## WHAT THE TASK REQUIRES
Upon reaching the line that contains "Москва. 15 марта." in the records below, begin repeating every line exactly through the last one, skipping pictures.

## Dataset items
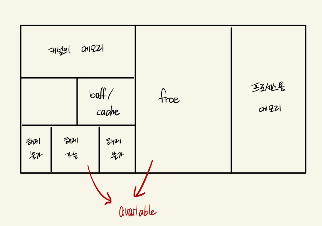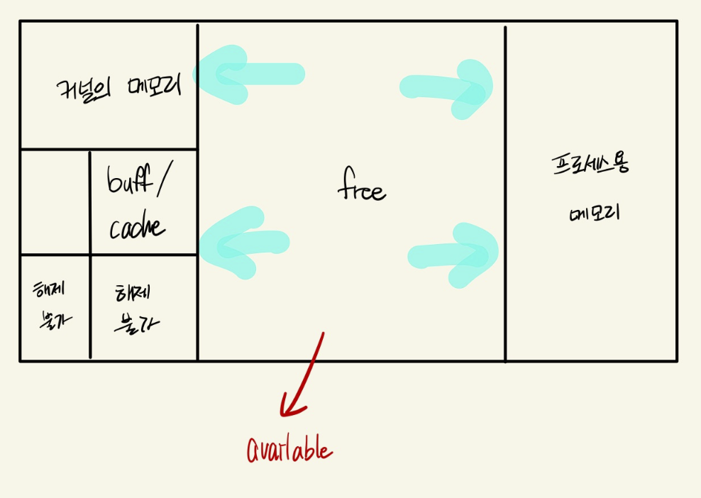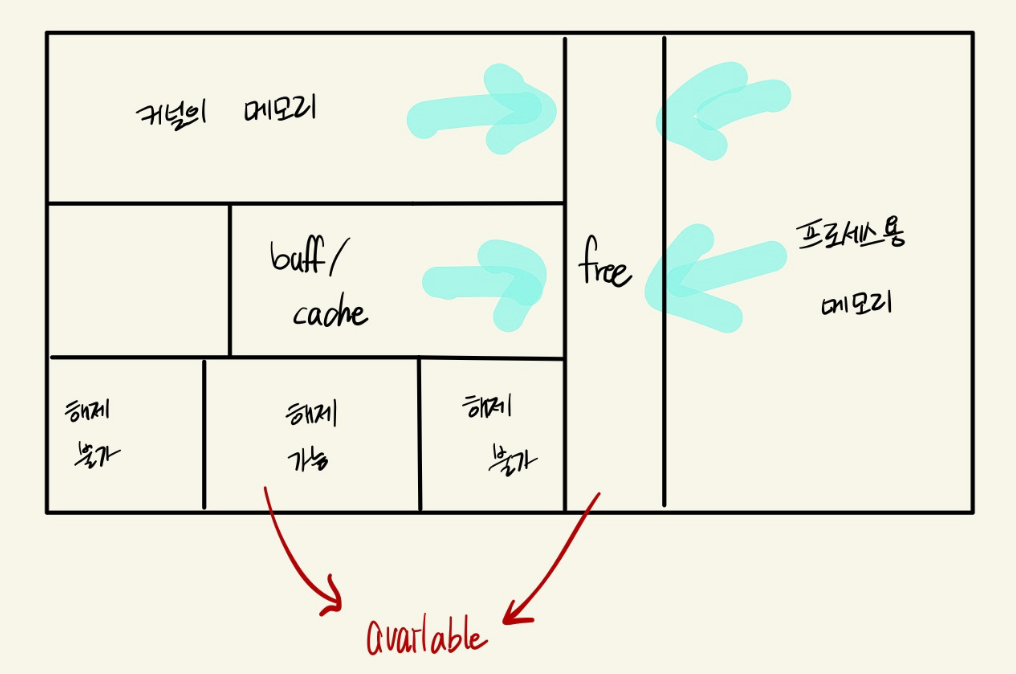 - available: 실질적으로 사용 가능한 메모리. free 값이 부족하면 해제되는 커널 내의 메모리 영역 사이즈를 더한 값.
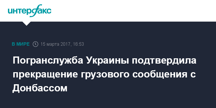 Москва. 15 марта. INTERFAX.RU - В Государственной пограничной службе Украины заявляют, что грузовые перевозки через линию разграничения в Донбассе прекращены с 13:00 среды 15 марта .
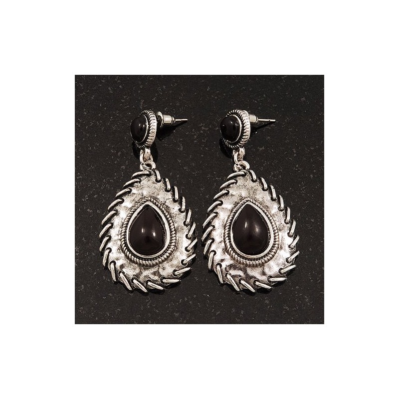 Burn Silver Teardrop Black Resin Stone Drop Earrings - 5cm Length
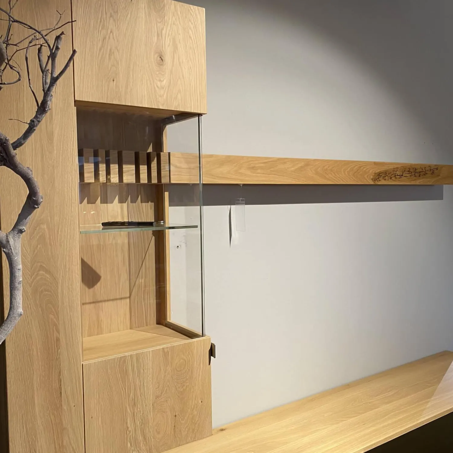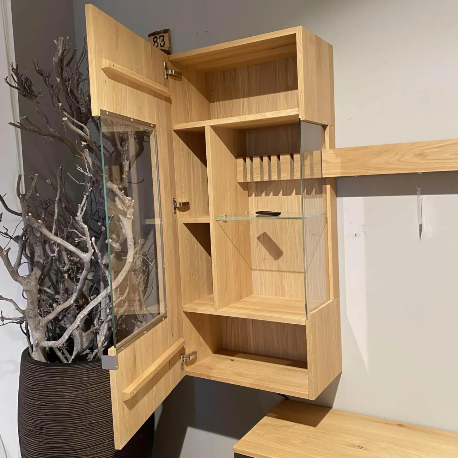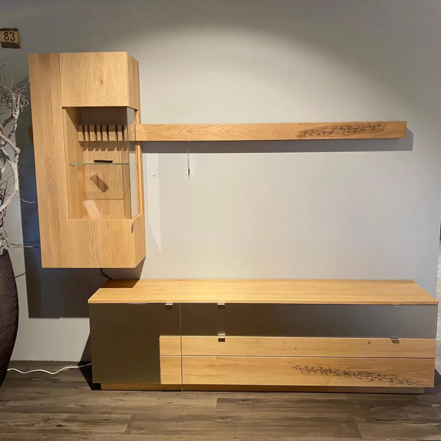 Breite: Gesamt: 257, Lowboard: 202, Vitrine: 55, Wandboard: 164,5 cm
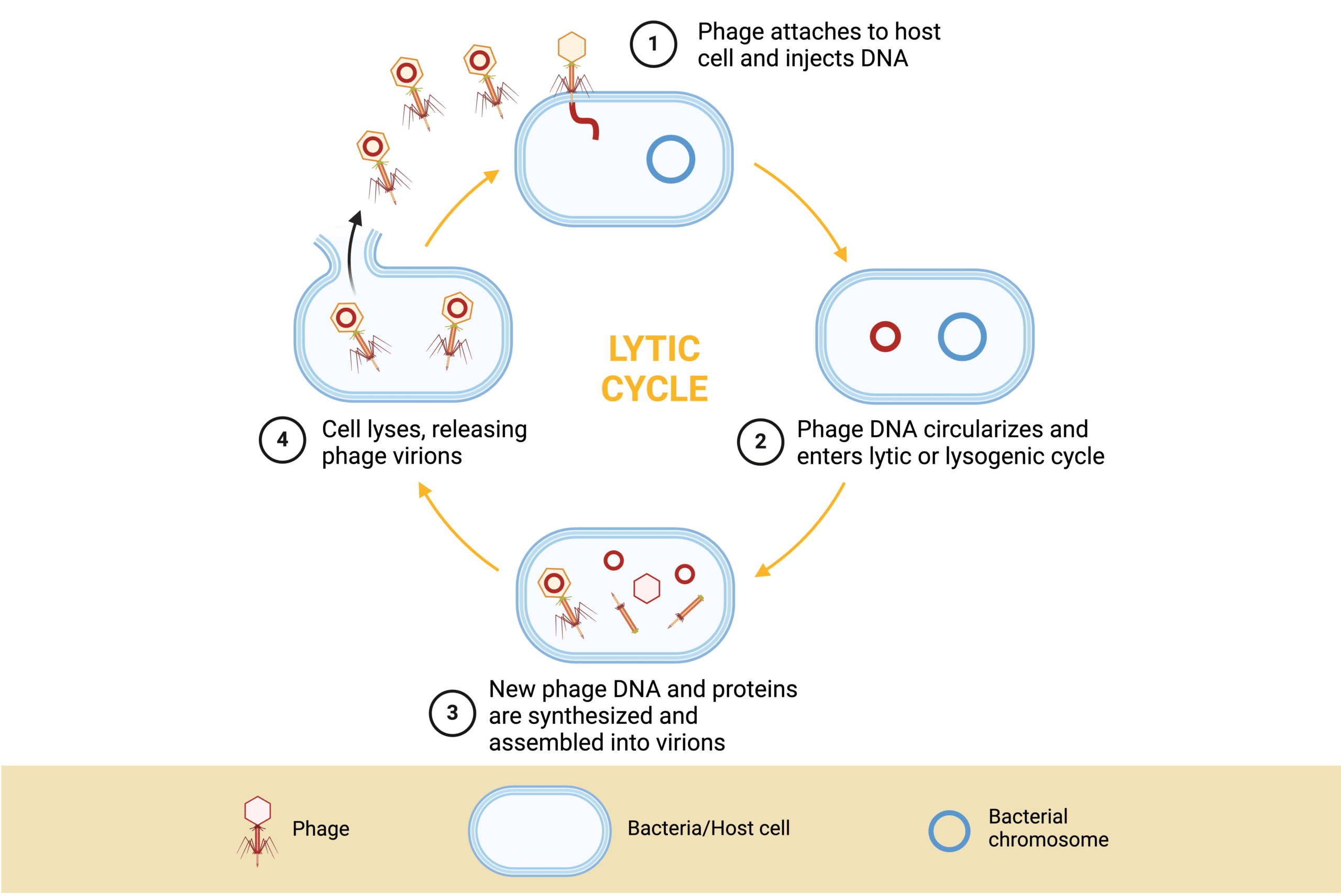 The final step, lysis, is a critical moment in the lifecycle of lytic bacteriophages. This is the phase where the bacterial cell is ruptured, and it’s what we will focus on in this post.
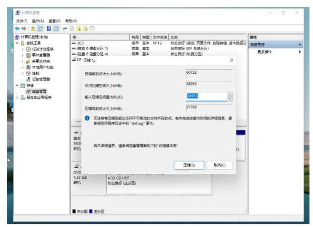 4、此時電腦能夠得出壓縮空間的數值,然后自行輸入需要的壓縮空間,點擊壓縮。
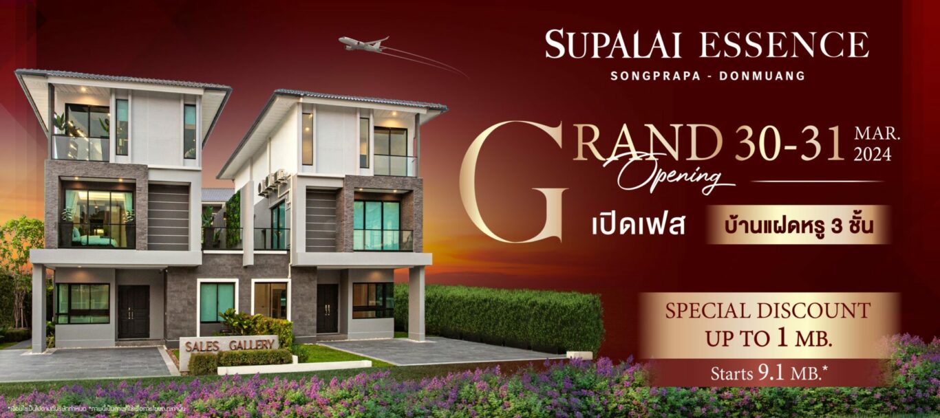บริษัท ศุภาลัย จำกัด (มหาชน) เตรียมจัดงาน “Grand Opening โครงการ…ศุภาลัย เอสเซ้นส์ สรงประภา-ดอนเมือง” พบบ้านแฝดหรู 3 ชั้น สไตล์ Modern Metro ฟังก์ชันครบ 4 ห้องนอน 4 ห้องน้ำ

## SOLUTION FOR THIS PROBLEM
 Москва. 15 марта. INTERFAX.RU - В Государственной пограничной службе Украины заявляют, что грузовые перевозки через линию разграничения в Донбассе прекращены с 13:00 среды 15 марта .
 Burn Silver Teardrop Black Resin Stone Drop Earrings - 5cm Length
 Breite: Gesamt: 257, Lowboard: 202, Vitrine: 55, Wandboard: 164,5 cm
 The final step, lysis, is a critical moment in the lifecycle of lytic bacteriophages. This is the phase where the bacterial cell is ruptured, and it’s what we will focus on in this post.
 4、此時電腦能夠得出壓縮空間的數值,然后自行輸入需要的壓縮空間,點擊壓縮。
บริษัท ศุภาลัย จำกัด (มหาชน) เตรียมจัดงาน “Grand Opening โครงการ…ศุภาลัย เอสเซ้นส์ สรงประภา-ดอนเมือง” พบบ้านแฝดหรู 3 ชั้น สไตล์ Modern Metro ฟังก์ชันครบ 4 ห้องนอน 4 ห้องน้ำ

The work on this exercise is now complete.